# PROBLEM TO WORK ON
Among the entries that follow, locate the line with "pentru joacă activă." and the line with "Theo số liệu". Output those lines and all lines in between, exactly, minus the pictures.

# MATERIAL SUPPLIED

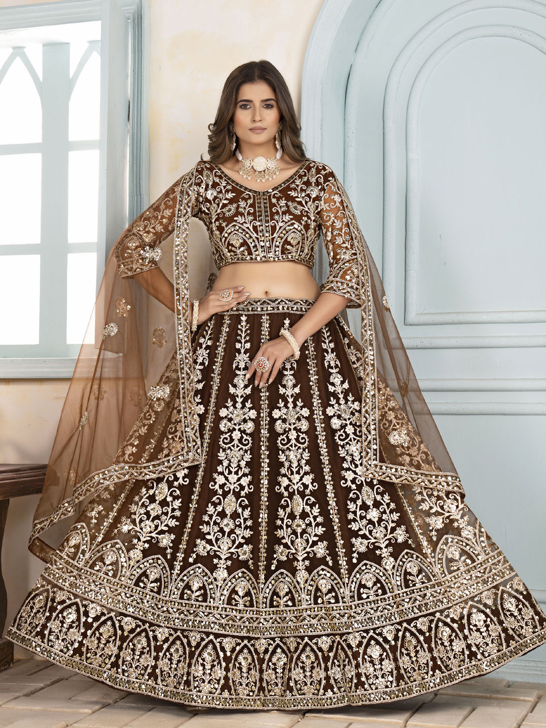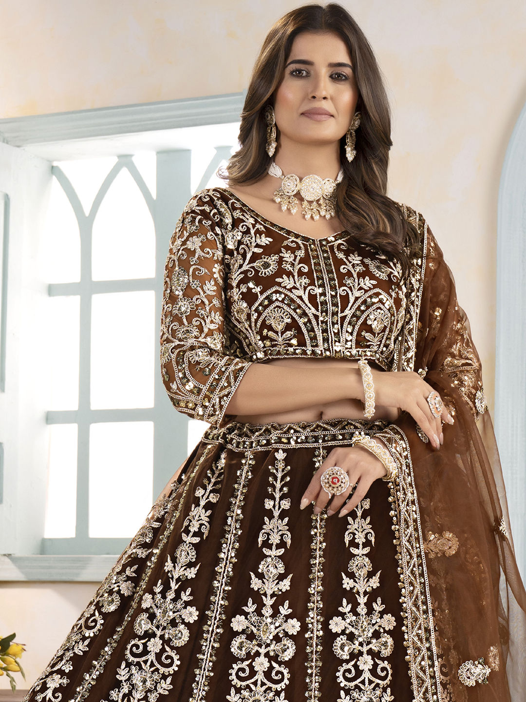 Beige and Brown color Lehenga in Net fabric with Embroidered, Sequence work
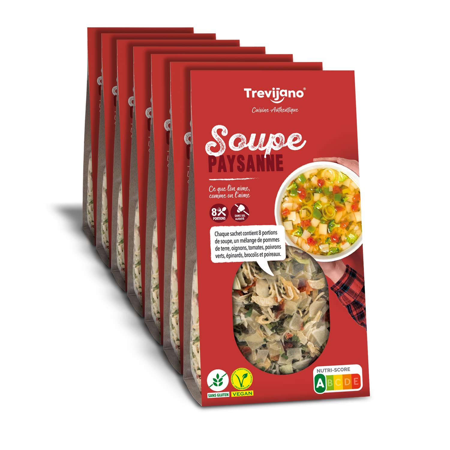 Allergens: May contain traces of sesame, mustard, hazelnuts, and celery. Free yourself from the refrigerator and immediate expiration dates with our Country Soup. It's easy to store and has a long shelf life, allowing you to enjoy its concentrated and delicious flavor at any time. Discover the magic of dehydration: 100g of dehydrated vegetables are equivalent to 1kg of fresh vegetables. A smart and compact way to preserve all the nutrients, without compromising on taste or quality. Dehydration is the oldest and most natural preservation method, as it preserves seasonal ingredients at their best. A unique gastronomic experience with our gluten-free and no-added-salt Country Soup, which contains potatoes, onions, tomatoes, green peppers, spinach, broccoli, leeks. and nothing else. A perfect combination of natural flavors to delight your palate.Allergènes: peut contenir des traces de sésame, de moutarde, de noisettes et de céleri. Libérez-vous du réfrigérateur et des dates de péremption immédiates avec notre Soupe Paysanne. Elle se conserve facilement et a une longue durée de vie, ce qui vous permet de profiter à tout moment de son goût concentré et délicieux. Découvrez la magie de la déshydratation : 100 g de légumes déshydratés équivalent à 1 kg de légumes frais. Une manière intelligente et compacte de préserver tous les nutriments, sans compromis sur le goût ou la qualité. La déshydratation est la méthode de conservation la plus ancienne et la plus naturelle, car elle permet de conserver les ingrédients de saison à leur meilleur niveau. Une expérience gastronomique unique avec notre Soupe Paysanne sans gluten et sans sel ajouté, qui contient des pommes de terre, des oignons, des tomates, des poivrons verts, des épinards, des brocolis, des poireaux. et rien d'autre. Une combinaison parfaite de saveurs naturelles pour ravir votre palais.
...
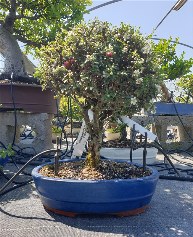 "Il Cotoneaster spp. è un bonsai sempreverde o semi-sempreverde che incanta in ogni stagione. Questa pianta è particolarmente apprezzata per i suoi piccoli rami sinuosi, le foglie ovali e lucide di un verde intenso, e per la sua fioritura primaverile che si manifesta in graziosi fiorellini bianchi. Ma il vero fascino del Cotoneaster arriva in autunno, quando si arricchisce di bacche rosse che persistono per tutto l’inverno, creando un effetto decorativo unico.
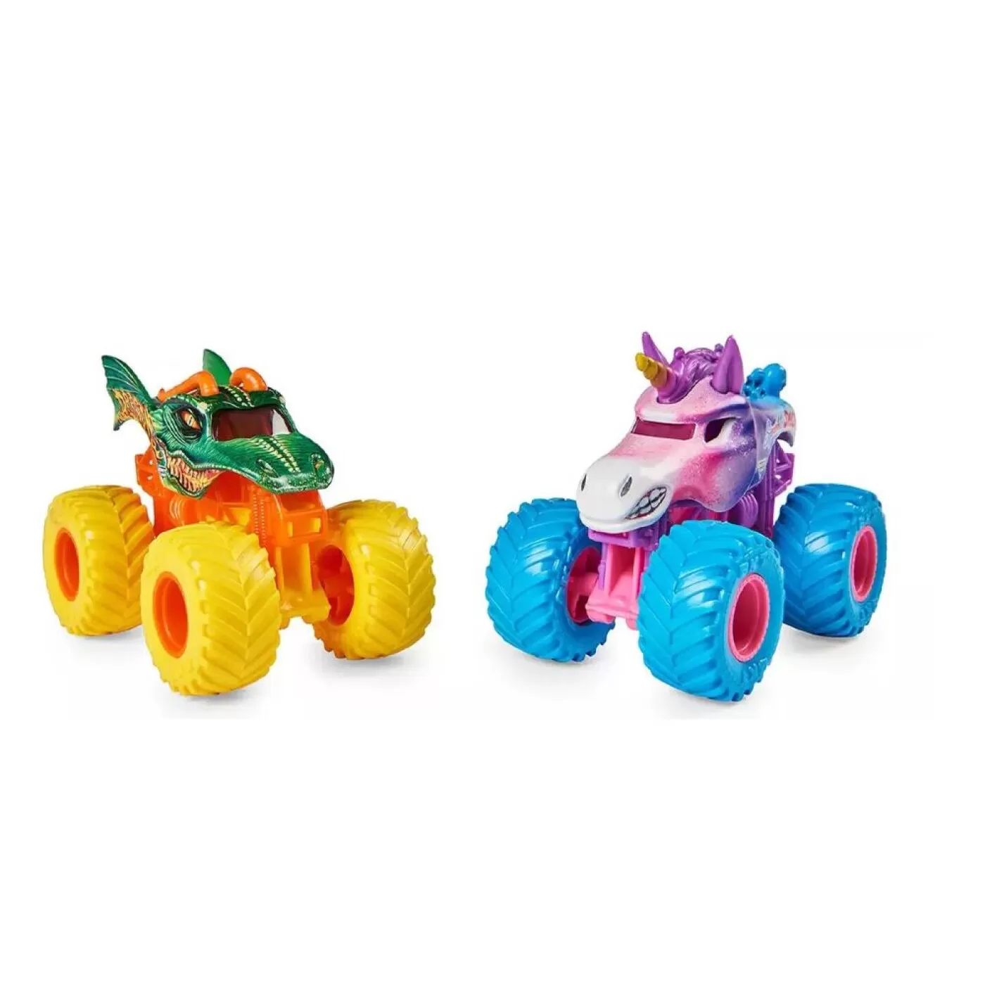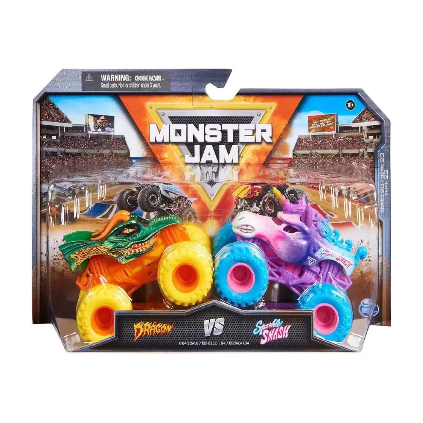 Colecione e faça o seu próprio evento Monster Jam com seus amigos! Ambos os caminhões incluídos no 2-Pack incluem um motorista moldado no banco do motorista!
* * *
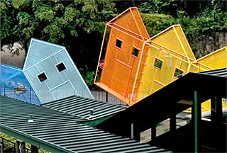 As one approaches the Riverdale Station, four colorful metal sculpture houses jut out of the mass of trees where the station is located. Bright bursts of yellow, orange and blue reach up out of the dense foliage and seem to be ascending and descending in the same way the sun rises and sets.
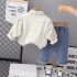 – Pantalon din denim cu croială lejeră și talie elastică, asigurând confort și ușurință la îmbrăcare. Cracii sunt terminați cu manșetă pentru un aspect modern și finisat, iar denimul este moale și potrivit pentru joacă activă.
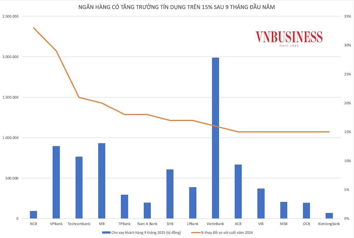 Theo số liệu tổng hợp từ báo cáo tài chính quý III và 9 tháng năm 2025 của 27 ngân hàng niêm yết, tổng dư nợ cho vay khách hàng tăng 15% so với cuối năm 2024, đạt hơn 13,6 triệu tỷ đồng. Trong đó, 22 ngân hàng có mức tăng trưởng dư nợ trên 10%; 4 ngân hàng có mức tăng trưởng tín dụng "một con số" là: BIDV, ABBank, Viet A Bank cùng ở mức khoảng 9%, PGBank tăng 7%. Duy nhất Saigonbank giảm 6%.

# SOLUTION TO THIS TASK
 – Pantalon din denim cu croială lejeră și talie elastică, asigurând confort și ușurință la îmbrăcare. Cracii sunt terminați cu manșetă pentru un aspect modern și finisat, iar denimul este moale și potrivit pentru joacă activă.
 Theo số liệu tổng hợp từ báo cáo tài chính quý III và 9 tháng năm 2025 của 27 ngân hàng niêm yết, tổng dư nợ cho vay khách hàng tăng 15% so với cuối năm 2024, đạt hơn 13,6 triệu tỷ đồng. Trong đó, 22 ngân hàng có mức tăng trưởng dư nợ trên 10%; 4 ngân hàng có mức tăng trưởng tín dụng "một con số" là: BIDV, ABBank, Viet A Bank cùng ở mức khoảng 9%, PGBank tăng 7%. Duy nhất Saigonbank giảm 6%.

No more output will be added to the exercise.